Today we will explore:
1. Count-based embeddings: one-hot vectors, Term-Frequency and Term-Frequency-Inverse-Document-Frequency (TF-IDF). 
2. Word embeddings: GloVe and Word2Vec.
3. How to visualize word embeddings.

##Prerequisites

###Data

First, let's download a dataset which will be used to train our embeddings. It is a pretty large set, so let's do it now, so later we won't have to wait for it to finish downloading.

In [None]:
!wget -P data/glove http://nlp.stanford.edu/data/glove.6B.zip
!unzip -d data/glove data/glove/glove.6B.zip

glove_path='data/glove/'

In [None]:
pip install seaborn

##1. Count-based (frequency-based) Embeddings

Traditional methods for creating vector representations of words, are called count-based. For term frequencies in a corpus the basis of the vector space is the vocabulary of the corpus. For example, in a sentence or a document each word is characterised as the number of times it appears there. For this we can construct **occurance matrix**, where a **document vector** is created for each sentence/document and is of size of the number of unique words. On the other hand, the **word vector** is of the size of the number of sentences/documents. The count-based representations are also called distributional representations because their significant content or meaning is represented by multiple dimensions in the vector.
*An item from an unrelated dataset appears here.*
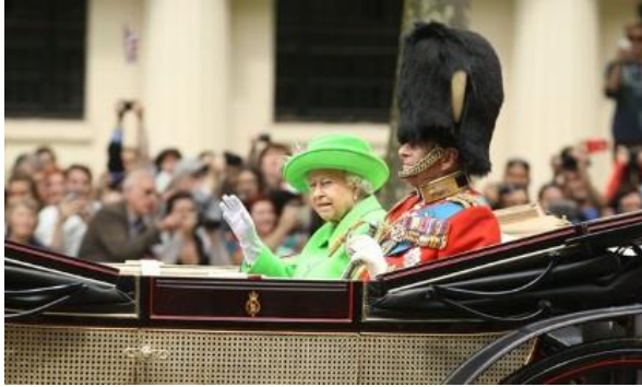
Trooping the colour parade marks Queen's 90th birthday

Display of military pomp and pageantry 1 in central London honours longest reigning and oldest monarch in British history

###One-hot vectors and TF representations



In [None]:
from sklearn.feature_extraction.text import CountVectorizer
import seaborn as sns

corpus = ['This cell phone is very small and cheap.', 'This phone is great and works great for a small phone']
one_hot_vectorizer = CountVectorizer(analyzer='word', binary=True)
one_hot = one_hot_vectorizer.fit_transform(corpus)
vocab = one_hot_vectorizer.get_feature_names()

sns.heatmap(one_hot.toarray(), annot=True, cbar=False, xticklabels=vocab, yticklabels=['Sentence 1','Sentence 2'])

The **TF representation** of a phrase, sentence, or document is simply the sum of the one-hot representations of its constituent words. Notice that each entry is a count of the number of times the corresponding word appears in the sentence (corpus).

In [None]:
corpus.append('My cell phone is in a small cell.')
### WRITE YOUR CODE HERE ###
# to-do:
# implement a TF vectorizer that allows to have word frequencies for each sentence. 

### END OF YOUR CODE ###
vector = vectorizer.fit_transform(corpus)
vocab = vectorizer.get_feature_names()

sns.heatmap(vector.toarray(), annot=True, cbar=False, xticklabels=vocab, yticklabels=['Sentence 1','Sentence 2','Sentence 3'])

######SOLUTION

In [None]:
corpus.append('My cell phone is in a small cell.')
### WRITE YOUR CODE HERE ###
# to-do:
# implement a TF vectorizer that allows to have word frequencies for each sentence. 
vectorizer = CountVectorizer(analyzer='word', binary=False)
### END OF YOUR CODE ###
vector = vectorizer.fit_transform(corpus)
vocab = vectorizer.get_feature_names()

sns.heatmap(vector.toarray(), annot=True, cbar=False, xticklabels=vocab, yticklabels=['Sentence 1','Sentence 2','Sentence 3'])

###TF-IDF
The **TF-IDF representation** penalizes common tokens and rewards rare tokens in the vector representation. 
In deep learning, it is rare to see inputs encoded using heuristic representations like TF-IDF because the goal is to learn a representation. Often, we start with a one-hot encoding using integer indices and a special “embedding lookup” layer to construct inputs to the neural network.

In [None]:
from sklearn.feature_extraction.text import TfidfVectorizer 

tfidf_vectorizer = TfidfVectorizer() 
tfidf = tfidf_vectorizer.fit_transform(corpus).toarray() 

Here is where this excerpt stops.